Our eyes lock as we gauge each other and try to figure out the next step in this unfamiliar dance we’re moving to.
“Dance with me.”
I stifle a laugh. Is he reading my mind now?
But my laugh is short-lived when he rises from the booth and extends his hand to me. He can’t be serious.
“No way!” I laugh, batting his hand away. “I’m not letting the King of Pranks make a fool of me.”
“I do love a good prank but dancing with me isn’t one of them.” He puts his hand out for me to take again.
“I don’t know how to dance, let alone to country music.”
“Neither do I. We’re quite the pair, aren’t we?” he asks, that boyish smile on his lips winning me over. “A pair of Texans who can’t dance to country music.”

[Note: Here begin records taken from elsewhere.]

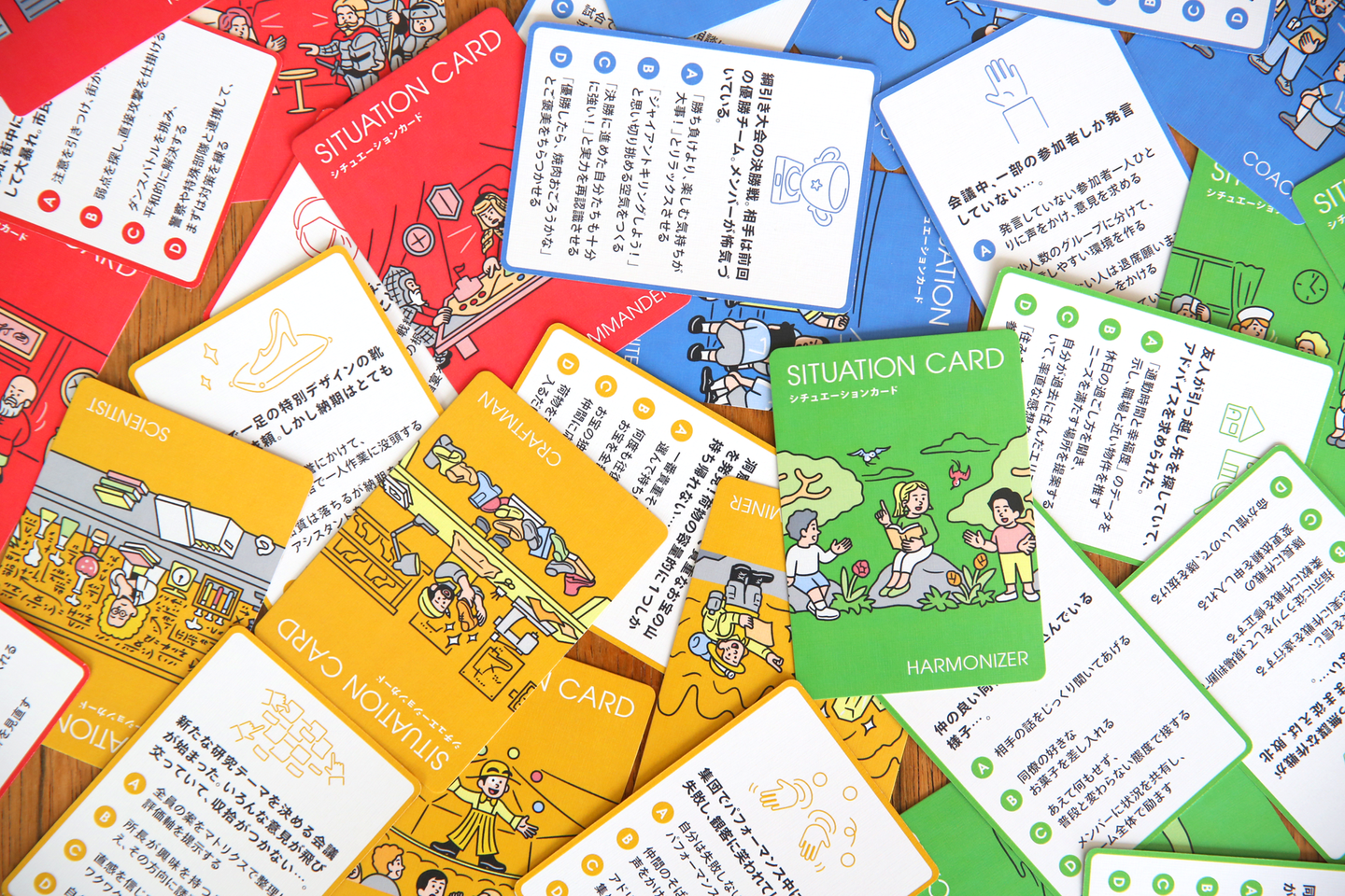 ゲームのルールは、あるシチュエーションにおいて、4つの選択肢から優先順位を決め、メンバー同士で互いの答えを予想し合うというシンプルなものに。そのやり取りを通じて、自然とチームの理解が深まる設計にしました。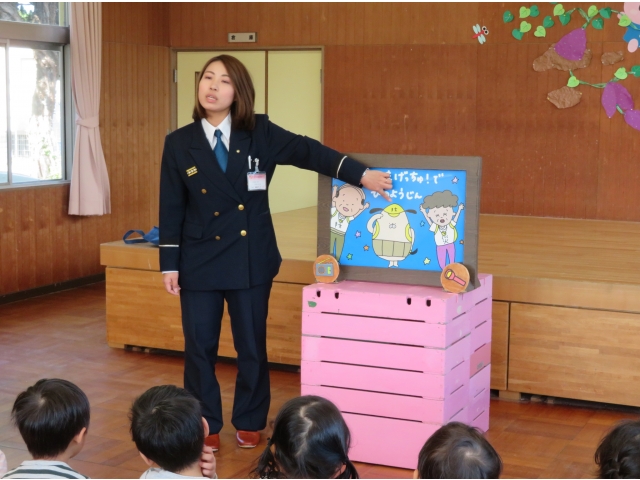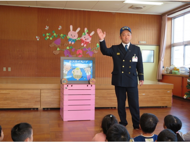 たまごろうというキャラクターが、火事の予防や消火をする内容です。たまごろうはびっくりすると「おったまげっちゅ!」と言います。子どもたちも教えてもらい、たまごろうと一緒に「おったまげっちゅ!」と言っていました。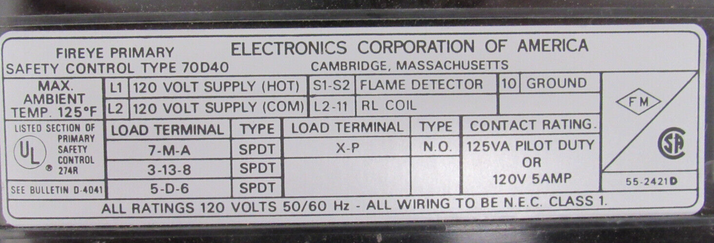 USED FIREYE 70D40 BURNER CONTROL SER. D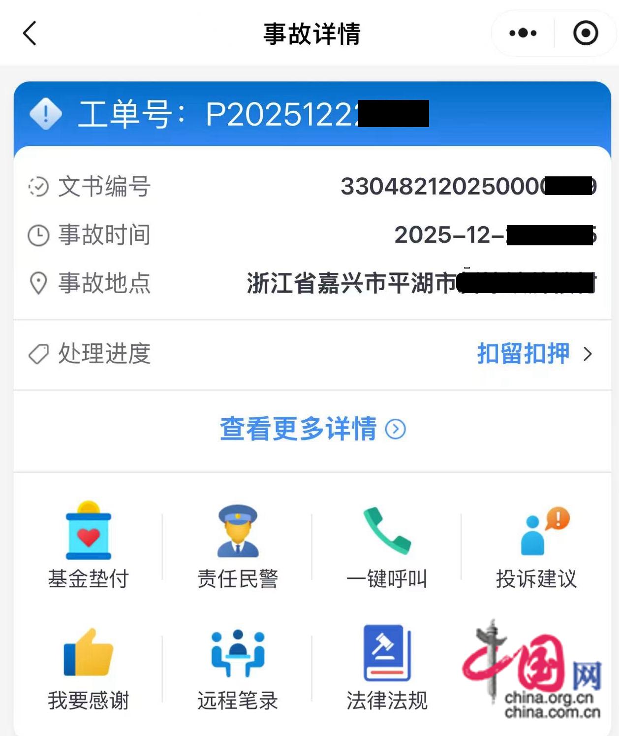 中国网讯 “这款小程序用起来真方便!再也不用在交警队、医院、保险公司来回跑,在线就能签收文书,处理进度也能随时掌握。”近日,浙江省平湖市新仓镇新庆路庆丰村路段发生一起伤人交通事故,行人沈某被汽车撞伤。事发后,双方当事人均通过“嘉警云处助手”平台线上处理,1.8万元交强险救助垫付款当天就交付到了伤者手中。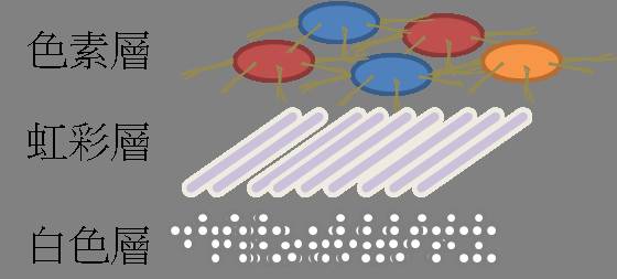 最上面的色素层有很多色素囊,每一个色素囊周围都有一圈肌肉,只要肌肉一起用力收缩,小的色素点就被拉成很大片的色块。中间的虹彩层则是由细胞水平排列成很多薄层,在神经讯号刺激下,透过调整角度和厚度,反射、偏振出很像亮片的光泽。最底下的白色层最简单,就是细胞里有超白的反光蛋白(reflectin),可以几乎反射所有可见光。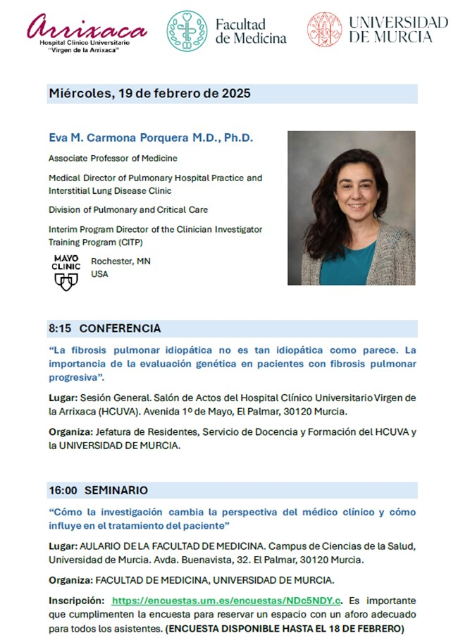 Estimados investigadores, el miércoles, 19 de febrero de 2025, tendrán lugar estos actos: 8:15 CONFERENCIA: “La fibrosis pulmonar idiopática no es tan idiopática como parece. La importancia de la eval...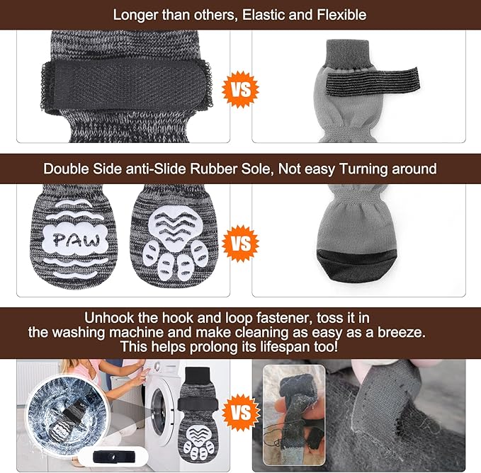 - Anti-slip: With a three-sided non-slip rubber sole, your pet's paws will have a good grip on the floor. For hardwood floors, if your baby's paws have a problem slipping on wood floors, we recommend you buy these socks with a anti-slip adhesive. Use non-slip socks to help heal foot wounds and prevent the dog from licking and further irritating the wound. โ ๏ธPlease note that we have a design patent to protective this exclusive design!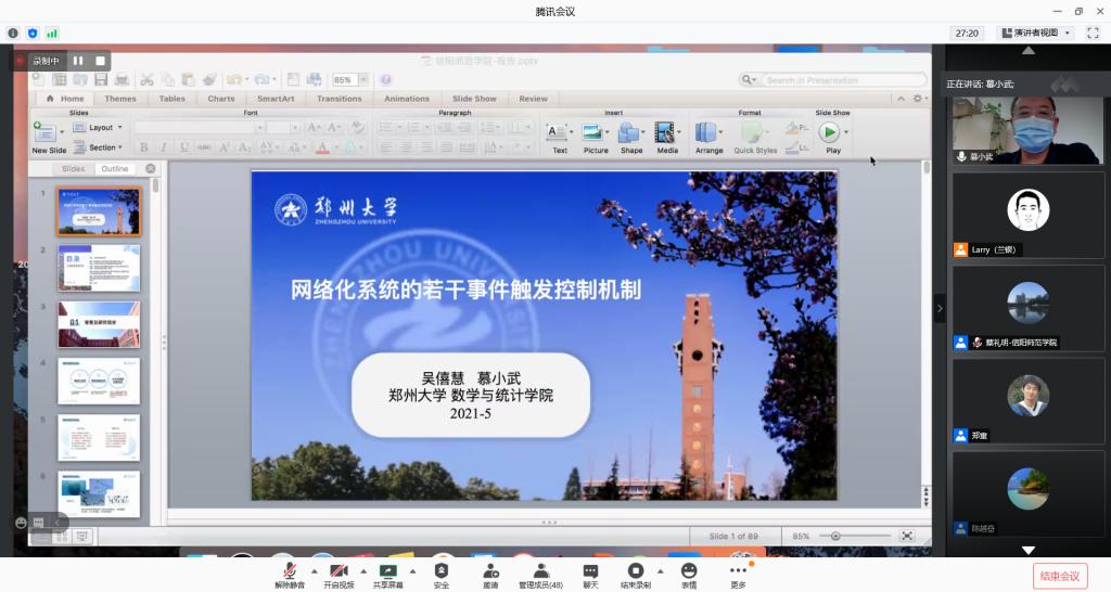 5月17日上午,应 自慰a片 邀请,郑州大学慕小武教授通过腾讯会议平台做了一场题为《网络化系统的若干事件触发控制》的在线学术报告。报告会由 自慰a片 党委书记王娟主持,学院部分老师和研究生聆听了此次报告。

“We should be ashamed of ourselves and hide in this dark corner here.”
His laugh tells me he’s not buying it. “No time like the present to learn.”
“We’ll be the only ones on the dance floor.” I scramble to think of any other excuse to avoid this situation—not avoiding the limelight part of it but the dancing body-to-body with Easton part—because he’s already lowered my defenses, and dancing with him might be too temptingly disastrous for me—in more ways than one. “Everyone will be staring at us.”